Русская литература открывается Арсеньевым как всечеловеческая ценность. Духовная глубина произведений русской литературы предстает во взаимосвязи национального, индивидуального и вселенского. Арсеньев утверждает, что именно литература конкретного народа в первую очередь дает представление о его духе, его духовной сущности. При этом нельзя отбросить индивидуальность и своеобразие каждого художника, так как общественное внутренне скреплено с индивидуальным. То, что глубоко национально, то является всечеловеческим. Конкретно-индивидуальное и всечеловеческое неразрывно связаны, потому что духовное содержание ищет совершенную форму.
Арсеньева волнует будущее России и роль в этом будущем духовной культуры: "Немо ли для нас и для будущей свободной России русское прошлое или есть живая связь? Вот вопрос решающего значения. Решающего оттого, что не может поток течь вперед, если он отрезан от своих истоков, и не может расти ввысь дерево, лишенное корней. Ибо жизнь есть одно органическое нераздельное целое. Без традиции нет истории, нет жизни народа, но традиция эта динамична, она устремлена вперед и уходит вглубь
К художникам, выходящим на «общечеловеческое, вселенское и вечное», Арсеньев относит Ф.М. Достоевского и Л.Н. Толстого. Картины толстовского мира Арсеньев называет «динамизмом жизни», выражающимся в мелочах мира человеческого и мира природного. Он выделяет в творчестве Толстого поклонение красоте и теплу русской семейной традиции, «укорененности» в родном быте и участие в западной культуре. Л.Н. Толстой и глубоко народен, и общечеловечен. Тоска жизни, утверждает Арсеньев, недоумение над жизнью, боль и сознание «тщеты» поначалу мало проявляются в его творчестве. Жизнерадостность помогает ему преодолеть тоску жизни. Творчество и красота обновляющейся природы есть главное противоядие этой тоски. А потом супружеская любовь! И охота, и верховая езда, и природа, и интерес к народу, и динамическая устремленность вперед, и внутренне питание души могучей духовной традицией, питавшей предыдущие поколения. А далее кризис, из которого Толстой вышел, но с точки зрения Арсеньева, найденное им решение - «безблагодатно».
Не признавая благодати, Толстой, по убеждению Арсеньева, ставил человека одного перед лицом превышающих его человеческие силы «требований ригористической морали». В то же время Арсеньев убежден, что Христос для Толстого «был в противовес его рационалистическому отрицанию», все-таки больше, чем учитель совершенной морали.

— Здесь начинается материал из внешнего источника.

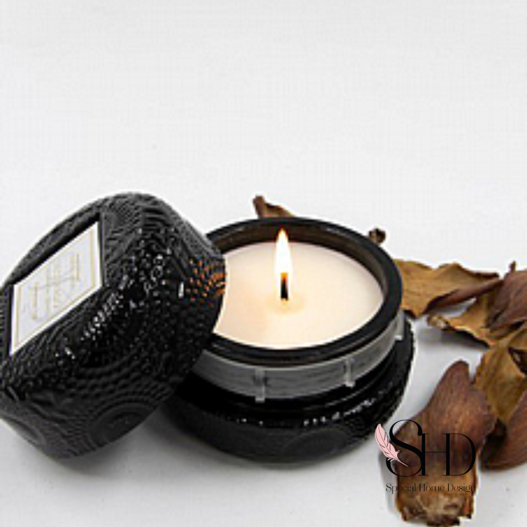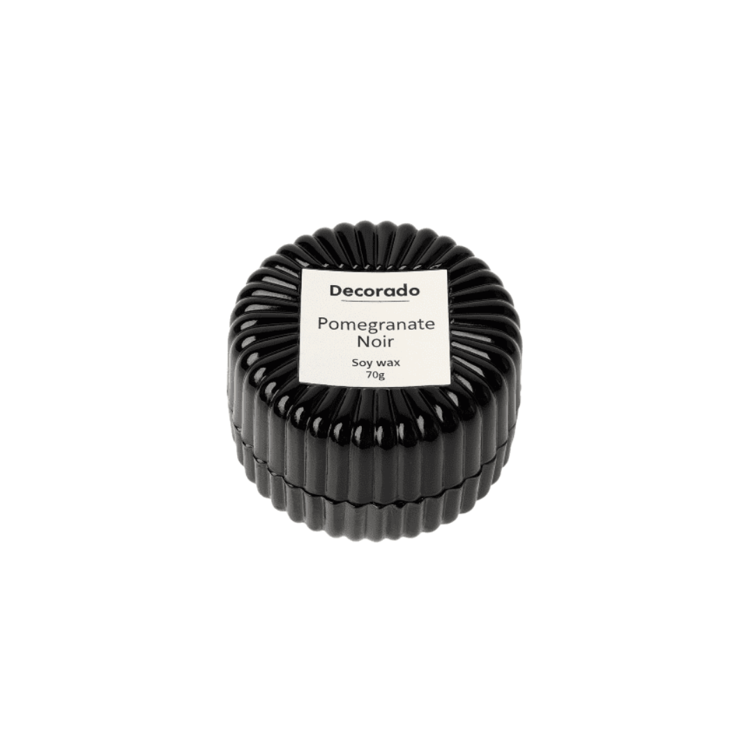 נר סויה איכותי יצוק בכלי קרמי שחור עם דוגמה בעיצוב מקרון לנוכחות יוקרתית בחלל.

Центральная тема творческих исканий Достоевского - существование Бога. Арсеньев считает, что Достоевский своим мировоззрением связан со славянофилами, которые ощущали свое дело не только как глубоко-национальное, но также как всемирное. Эту всемирную работу продолжил Достоевский. Корни мировоззрения писателя, как и у славянофилов, в русском народе, он, как и его народ, «тоскует по тому, что свято». И Достоевский приходит к «уравновешенности, к умственной зрелости и одухотворению», так как это есть «у нас в аскетической традиции церкви», и в «народной душе». Герои Достоевского, являются примером самоотверженной, отдающей, смиренной любви, «этой огромной силы», как считал Достоевский. Отмечая одностороннюю ироничность, несправедливость отношения Достоевского к другим народам, Арсеньев находит объяснение ей в «горячей любви к своему народу». Но его завещание - «захватывающая Пушкинская речь» - полностью «пронизана большой всемирной точкой зрения о взаимопонимании народов». Высокое предназначение своего народа он видит в том, чтобы «вызывать это взаимопонимание, принимать души других народов братски. Эта всемирная, всечеловеческая широта духа» - особенность гения Пушкина, как явления «пророческого». То же можно сказать и о Достоевском. Его миссия, его предназначение - «пророческое».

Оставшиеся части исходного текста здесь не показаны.